The stability of the proto-oncogenic transcription factor c-Jun is known to be regulated by the ubiquitin–proteasome system, yet the identity of a c-Jun-specific ubiquitin ligase has been elusive. Taking a leaf from plant biology, Vishva Dixit and colleagues have now identified a human orthologue of Arabidopsis thaliana de-etiolated-1 (DET1), which regulates photomorphogenesis, and have found that human DET1 promotes the degradation of c-Jun by assembling a ubiquitin-ligase complex.

Dixit and colleagues found that two negative regulators of photomorphogenesis in A. thaliana — DET1 and constitutively photomorphogenic-1 (COP1) — are highly conserved in mammals. Given that DET1 and DNA-damage-binding protein-1 (DDB1) interact to regulate photomorphogenesis, and DDB1 associates with cullin 4A (CUL4A) and regulator of cullins-1 (ROC1) in mammalian ubiquitin-ligase complexes, the authors hypothesized that human DET1 might also bind ubiquitin-ligase components. This turned out to be the case — tagged human DET1 immunoprecipitated DDB1, CUL4A, ROC1 and human COP1.

A. thaliana COP1 provided a clue regarding the putative substrate(s) of this human multi-subunit ubiquitin ligase, which the authors named DCXhDET1–hCOP1. The plant COP1 promotes the degradation of certain basic-region–leucine-zipper (bZIP) transcription factors, and indeed, human COP1, as well as a prevalent splice variant (COP1Δ24), binds c-jun, JunB and JunD, but not other members of the Jun family of bZIP transcription factors.

Next, Dixit and colleagues analysed DCXhDET1–hCOP1-subunit interactions. In the absence of DDB1, the association between CUL4A and DET1 was reduced, which indicates that DDB1 bridges CUL4A and DET1. Similarly, decreasing DET1 expression reduced the association between COP1 and DDB1 — so, DET1 links COP1 to DDB1, and thereby recruits c-Jun to the DCXhDET1–hCOP1 complex. However, COP1Δ24, which lacks part of the coiled-coil interaction domain, did not bind DET1 and, as a result, cannot associate with DCXhDET1–hCOP1. Furthermore, the authors found that the COP1 RING finger is dispensable for c-Jun degradation, which implicates the ROC1 RING finger as the functional ubiquitin-ligase domain of the DCXhDET1–hCOP1 complex.

To test the function of the DCXhDET1–hCOP1 complex, Dixit and co-workers treated cells that were transfected with human DET1 and COP1 with a proteasome inhibitor, and found that this blocked c-Jun degradation. Ubiquitylation of c-Jun was detected only when the complete complex was assembled; indeed, COP1Δ24 did not promote effective ubiquitylation. Ablation of any subunit of DCXhDET1–hCOP1 by RNA interference resulted in endogenous c-Jun accumulation — thereby confirming the physiological relevance of this c-Jun-specific ubiquitin-ligase complex.

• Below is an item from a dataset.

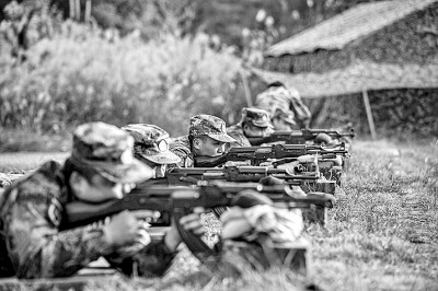 湖南省懷化市靖州縣人武部組織民兵實彈射擊演練。胡斐攝/光明圖片

So, the authors conclude that human DET1 promotes the ubiquitylation and degradation of c-Jun by promoting ubiquitin-ligase-complex assembly. And, coming back full circle to plants, given the conservation of the DCXhDET1–hCOP1 components, a similar ubiquitin-ligase complex might explain how A. thaliana DET1 and COP1 regulate photomorphogenesis.